Top of STORED DATA

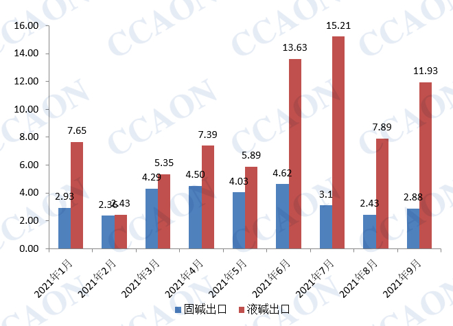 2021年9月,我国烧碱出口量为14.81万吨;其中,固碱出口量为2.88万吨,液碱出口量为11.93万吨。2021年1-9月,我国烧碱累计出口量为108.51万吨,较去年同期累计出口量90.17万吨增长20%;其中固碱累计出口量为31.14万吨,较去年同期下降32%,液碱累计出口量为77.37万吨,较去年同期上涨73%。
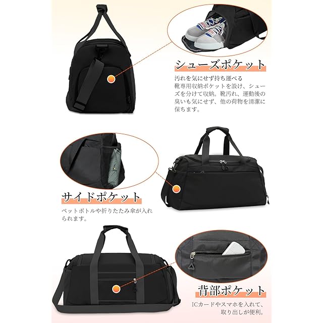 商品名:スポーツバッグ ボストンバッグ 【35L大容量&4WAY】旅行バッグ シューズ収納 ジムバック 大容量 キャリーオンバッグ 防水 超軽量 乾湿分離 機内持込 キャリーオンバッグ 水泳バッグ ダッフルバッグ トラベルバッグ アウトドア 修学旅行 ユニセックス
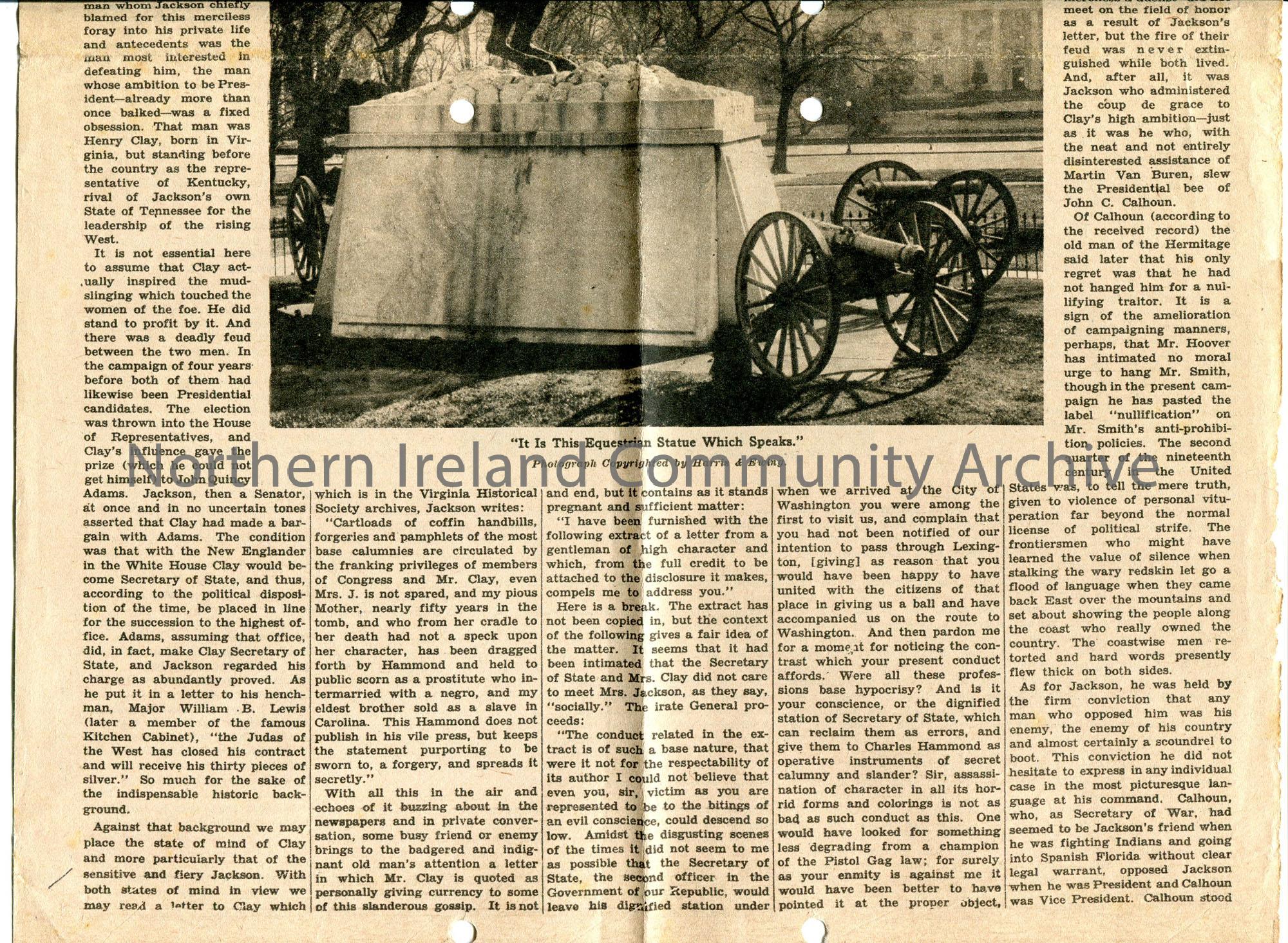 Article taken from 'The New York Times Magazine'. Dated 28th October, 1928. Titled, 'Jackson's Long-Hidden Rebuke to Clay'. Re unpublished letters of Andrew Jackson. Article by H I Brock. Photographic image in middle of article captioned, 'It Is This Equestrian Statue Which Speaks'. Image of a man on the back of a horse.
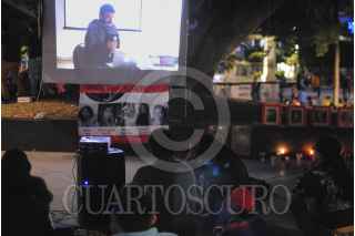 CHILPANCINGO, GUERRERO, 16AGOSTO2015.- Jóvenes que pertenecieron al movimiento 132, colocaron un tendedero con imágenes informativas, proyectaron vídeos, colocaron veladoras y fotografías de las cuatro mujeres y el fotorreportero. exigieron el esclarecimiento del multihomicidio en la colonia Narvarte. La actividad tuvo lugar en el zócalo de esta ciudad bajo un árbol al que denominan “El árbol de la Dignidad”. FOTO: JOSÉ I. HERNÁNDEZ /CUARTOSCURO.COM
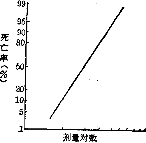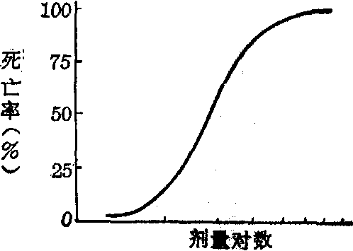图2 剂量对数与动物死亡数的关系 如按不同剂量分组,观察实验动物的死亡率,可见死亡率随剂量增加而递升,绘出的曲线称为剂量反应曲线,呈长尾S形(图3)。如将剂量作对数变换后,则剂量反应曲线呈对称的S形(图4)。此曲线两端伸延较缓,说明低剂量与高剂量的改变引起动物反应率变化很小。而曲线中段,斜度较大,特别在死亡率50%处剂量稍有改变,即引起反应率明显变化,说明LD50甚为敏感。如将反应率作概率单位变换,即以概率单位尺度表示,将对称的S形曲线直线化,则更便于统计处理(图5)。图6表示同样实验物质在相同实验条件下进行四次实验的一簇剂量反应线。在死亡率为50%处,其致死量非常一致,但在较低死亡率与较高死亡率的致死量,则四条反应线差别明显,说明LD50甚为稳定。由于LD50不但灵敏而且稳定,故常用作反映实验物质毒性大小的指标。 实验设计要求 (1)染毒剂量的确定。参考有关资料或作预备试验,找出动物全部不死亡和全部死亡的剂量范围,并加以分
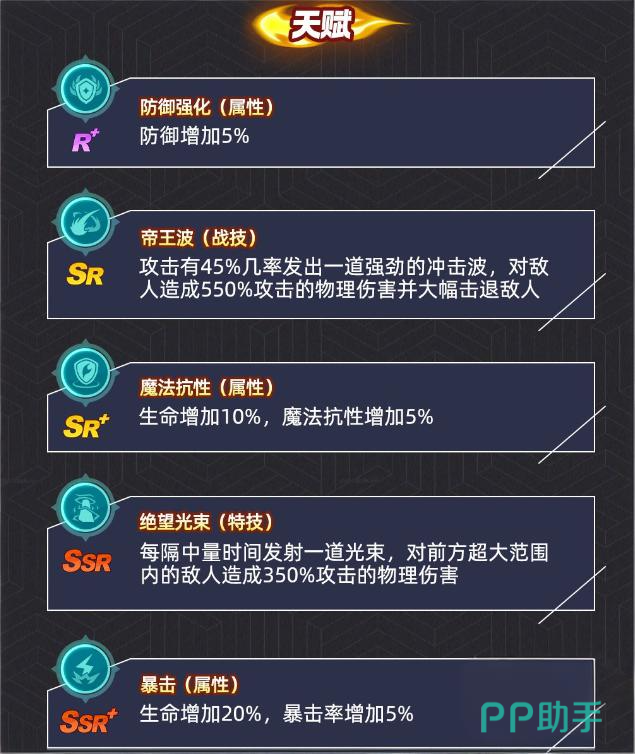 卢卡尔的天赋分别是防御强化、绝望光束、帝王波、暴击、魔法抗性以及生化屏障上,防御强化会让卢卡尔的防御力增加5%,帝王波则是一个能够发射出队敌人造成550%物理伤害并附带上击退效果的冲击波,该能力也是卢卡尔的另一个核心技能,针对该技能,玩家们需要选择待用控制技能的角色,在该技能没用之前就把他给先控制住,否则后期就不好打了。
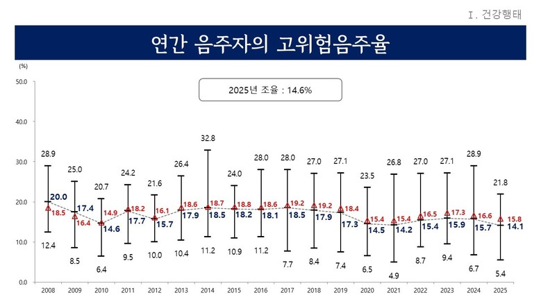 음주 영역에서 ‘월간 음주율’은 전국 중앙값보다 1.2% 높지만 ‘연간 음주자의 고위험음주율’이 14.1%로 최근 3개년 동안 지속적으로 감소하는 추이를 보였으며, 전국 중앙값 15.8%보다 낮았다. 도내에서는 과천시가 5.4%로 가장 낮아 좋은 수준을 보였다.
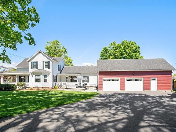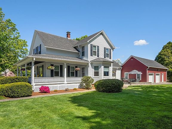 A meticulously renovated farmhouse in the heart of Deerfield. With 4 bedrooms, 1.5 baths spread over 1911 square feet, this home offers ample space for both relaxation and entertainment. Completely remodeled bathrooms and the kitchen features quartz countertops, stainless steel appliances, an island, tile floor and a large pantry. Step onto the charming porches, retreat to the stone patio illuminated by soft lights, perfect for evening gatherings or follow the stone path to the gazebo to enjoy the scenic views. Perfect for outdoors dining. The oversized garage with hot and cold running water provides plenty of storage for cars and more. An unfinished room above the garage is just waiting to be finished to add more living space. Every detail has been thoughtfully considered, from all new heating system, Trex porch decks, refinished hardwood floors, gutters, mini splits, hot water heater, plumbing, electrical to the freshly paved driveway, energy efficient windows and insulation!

Bottom of STORED DATA

PROMPT ▸
Pictures are to be dropped, and the remaining data set down exactly.

ANSWER TO THE PROBLEM ▸
 2021年9月,我国烧碱出口量为14.81万吨;其中,固碱出口量为2.88万吨,液碱出口量为11.93万吨。2021年1-9月,我国烧碱累计出口量为108.51万吨,较去年同期累计出口量90.17万吨增长20%;其中固碱累计出口量为31.14万吨,较去年同期下降32%,液碱累计出口量为77.37万吨,较去年同期上涨73%。
 商品名:スポーツバッグ ボストンバッグ 【35L大容量&4WAY】旅行バッグ シューズ収納 ジムバック 大容量 キャリーオンバッグ 防水 超軽量 乾湿分離 機内持込 キャリーオンバッグ 水泳バッグ ダッフルバッグ トラベルバッグ アウトドア 修学旅行 ユニセックス
 Article taken from 'The New York Times Magazine'. Dated 28th October, 1928. Titled, 'Jackson's Long-Hidden Rebuke to Clay'. Re unpublished letters of Andrew Jackson. Article by H I Brock. Photographic image in middle of article captioned, 'It Is This Equestrian Statue Which Speaks'. Image of a man on the back of a horse.
 CHILPANCINGO, GUERRERO, 16AGOSTO2015.- Jóvenes que pertenecieron al movimiento 132, colocaron un tendedero con imágenes informativas, proyectaron vídeos, colocaron veladoras y fotografías de las cuatro mujeres y el fotorreportero. exigieron el esclarecimiento del multihomicidio en la colonia Narvarte. La actividad tuvo lugar en el zócalo de esta ciudad bajo un árbol al que denominan “El árbol de la Dignidad”. FOTO: JOSÉ I. HERNÁNDEZ /CUARTOSCURO.COM
图2 剂量对数与动物死亡数的关系 如按不同剂量分组,观察实验动物的死亡率,可见死亡率随剂量增加而递升,绘出的曲线称为剂量反应曲线,呈长尾S形(图3)。如将剂量作对数变换后,则剂量反应曲线呈对称的S形(图4)。此曲线两端伸延较缓,说明低剂量与高剂量的改变引起动物反应率变化很小。而曲线中段,斜度较大,特别在死亡率50%处剂量稍有改变,即引起反应率明显变化,说明LD50甚为敏感。如将反应率作概率单位变换,即以概率单位尺度表示,将对称的S形曲线直线化,则更便于统计处理(图5)。图6表示同样实验物质在相同实验条件下进行四次实验的一簇剂量反应线。在死亡率为50%处,其致死量非常一致,但在较低死亡率与较高死亡率的致死量,则四条反应线差别明显,说明LD50甚为稳定。由于LD50不但灵敏而且稳定,故常用作反映实验物质毒性大小的指标。 实验设计要求 (1)染毒剂量的确定。参考有关资料或作预备试验,找出动物全部不死亡和全部死亡的剂量范围,并加以分
 卢卡尔的天赋分别是防御强化、绝望光束、帝王波、暴击、魔法抗性以及生化屏障上,防御强化会让卢卡尔的防御力增加5%,帝王波则是一个能够发射出队敌人造成550%物理伤害并附带上击退效果的冲击波,该能力也是卢卡尔的另一个核心技能,针对该技能,玩家们需要选择待用控制技能的角色,在该技能没用之前就把他给先控制住,否则后期就不好打了。
 음주 영역에서 ‘월간 음주율’은 전국 중앙값보다 1.2% 높지만 ‘연간 음주자의 고위험음주율’이 14.1%로 최근 3개년 동안 지속적으로 감소하는 추이를 보였으며, 전국 중앙값 15.8%보다 낮았다. 도내에서는 과천시가 5.4%로 가장 낮아 좋은 수준을 보였다.
 A meticulously renovated farmhouse in the heart of Deerfield. With 4 bedrooms, 1.5 baths spread over 1911 square feet, this home offers ample space for both relaxation and entertainment. Completely remodeled bathrooms and the kitchen features quartz countertops, stainless steel appliances, an island, tile floor and a large pantry. Step onto the charming porches, retreat to the stone patio illuminated by soft lights, perfect for evening gatherings or follow the stone path to the gazebo to enjoy the scenic views. Perfect for outdoors dining. The oversized garage with hot and cold running water provides plenty of storage for cars and more. An unfinished room above the garage is just waiting to be finished to add more living space. Every detail has been thoughtfully considered, from all new heating system, Trex porch decks, refinished hardwood floors, gutters, mini splits, hot water heater, plumbing, electrical to the freshly paved driveway, energy efficient windows and insulation!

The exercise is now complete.